#### PROBLEM TO SOLVE:
Please restate every record below word for word and skip the pictures.
--- --- ---
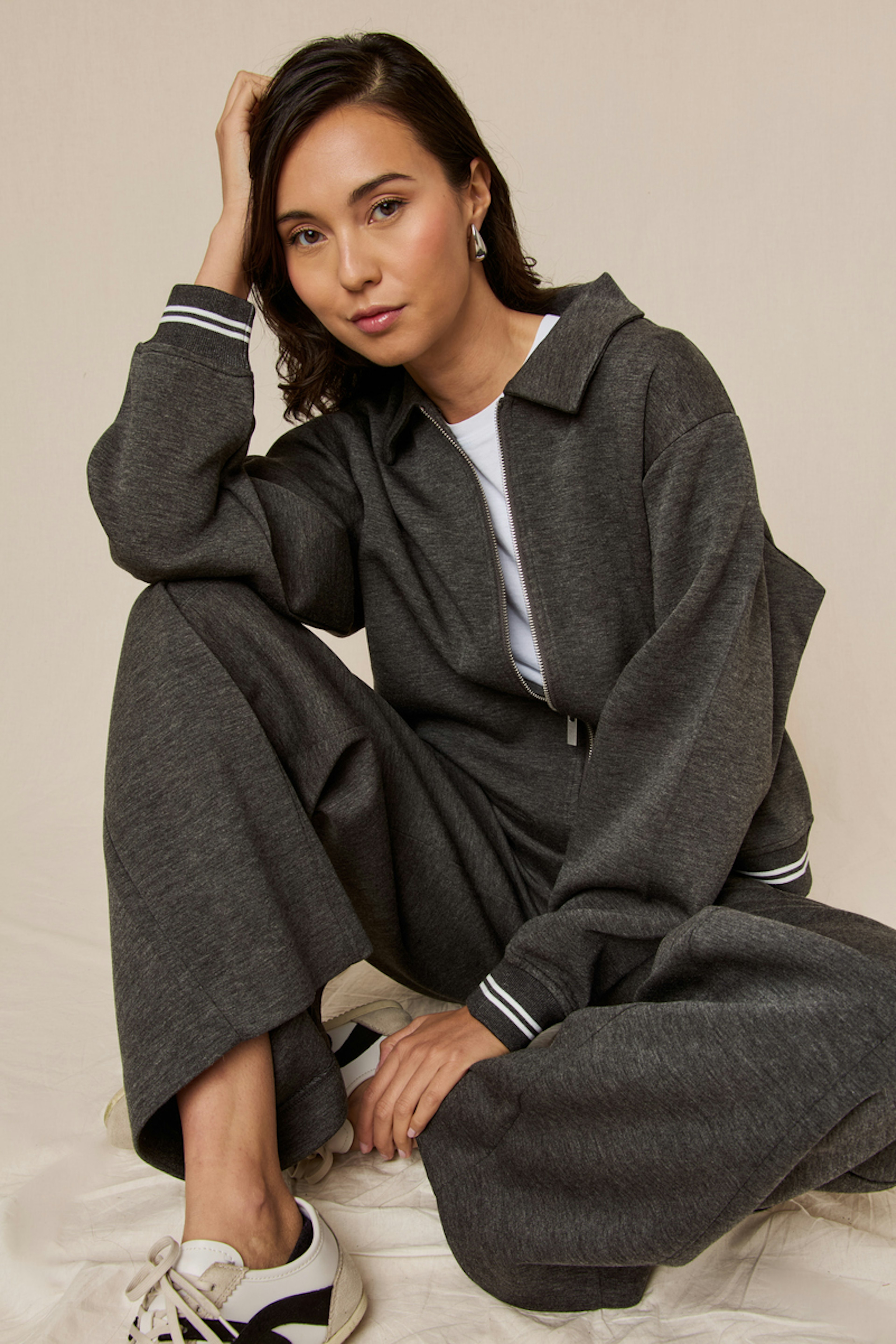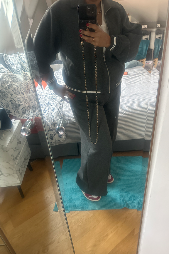 Optez pour une touche sportswear avec des baskets blanches et un sac en bandoulière pour un look urbain chic. Parfait en toute saison. • Ensemble avec veste et pantalon • Veste zippée • Manches longues • Pantalon coupe large • Détails à rayures
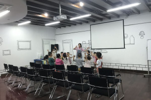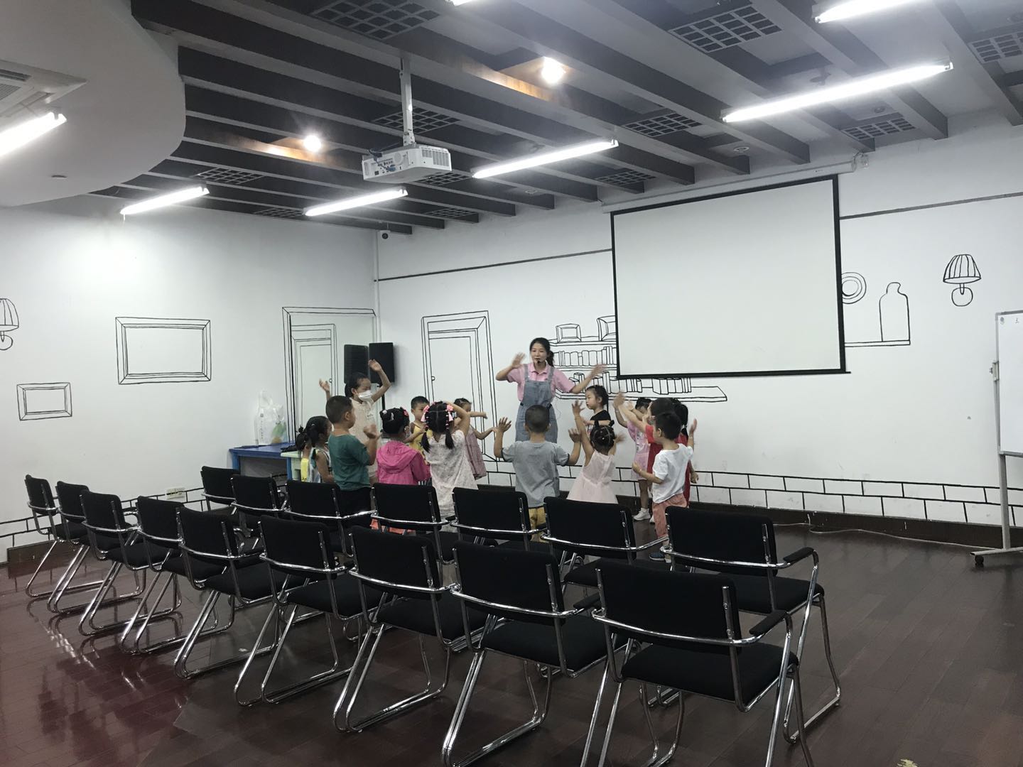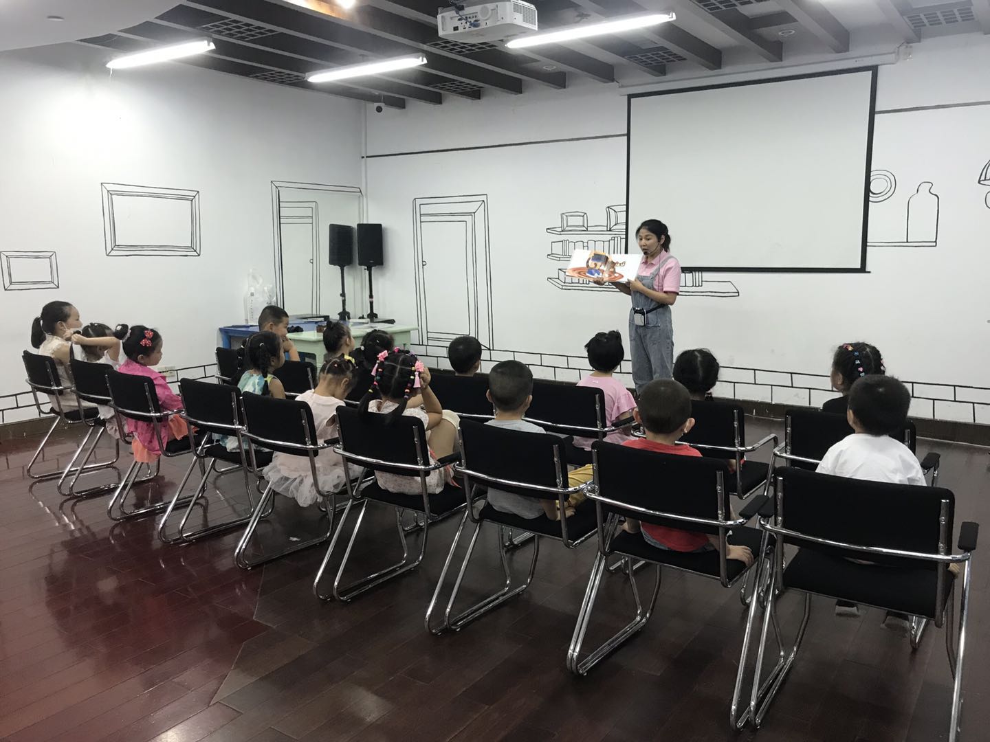活动开始后,老师带领小朋友们在充满欢快,动感的音乐中进行热身后再开始绘本分享。
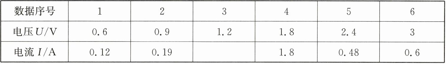 | 电压 $ U/V $ | 0.6 | 0.9 | 1.2 | 1.8 | 2.4 | 3 |
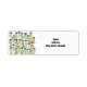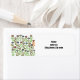 These return address labels have a mid-century modern design of retro flowers in a retro colour palette or red, orange, yellow, green, and blue.
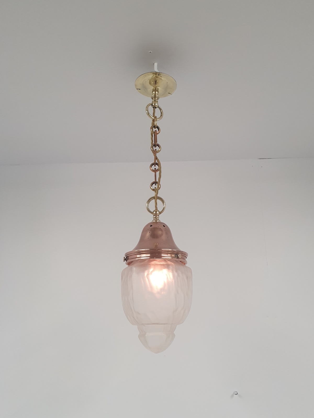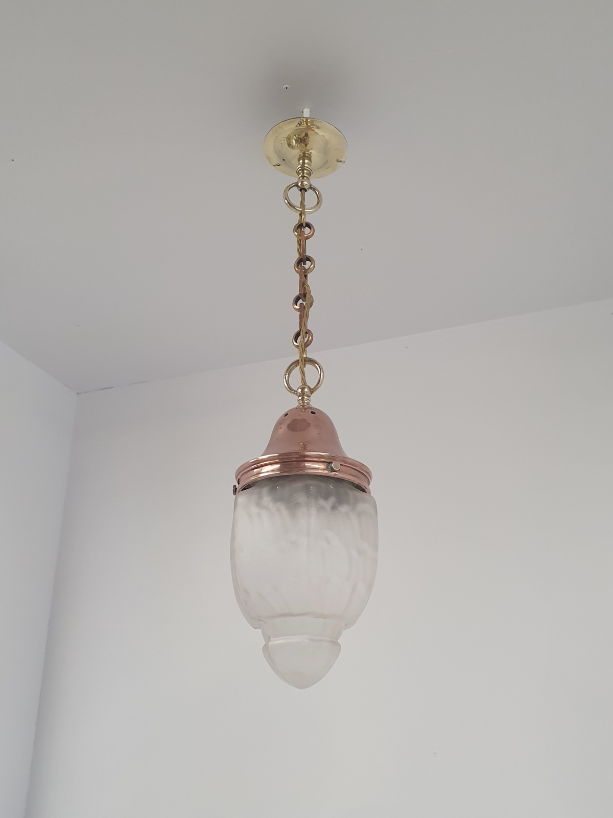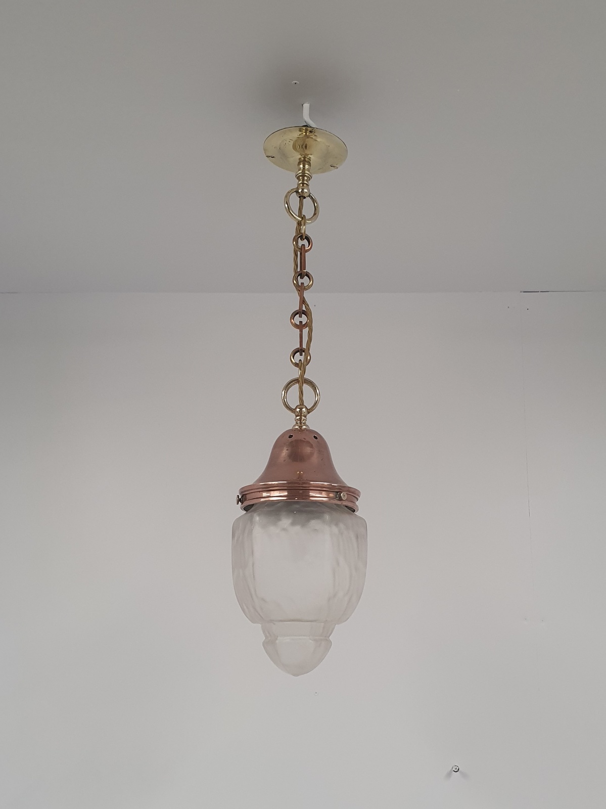 Product Code: JAL1107A copper and brass arts and crafts hall lantern. The stepped satin-glass globe-shade hangs pendant from its original period fitments. England c.1900
--- --- ---
#### SOLUTION FOR THIS EXERCISE:
 Optez pour une touche sportswear avec des baskets blanches et un sac en bandoulière pour un look urbain chic. Parfait en toute saison. • Ensemble avec veste et pantalon • Veste zippée • Manches longues • Pantalon coupe large • Détails à rayures
活动开始后,老师带领小朋友们在充满欢快,动感的音乐中进行热身后再开始绘本分享。
 | 电压 $ U/V $ | 0.6 | 0.9 | 1.2 | 1.8 | 2.4 | 3 |
 These return address labels have a mid-century modern design of retro flowers in a retro colour palette or red, orange, yellow, green, and blue.
 Product Code: JAL1107A copper and brass arts and crafts hall lantern. The stepped satin-glass globe-shade hangs pendant from its original period fitments. England c.1900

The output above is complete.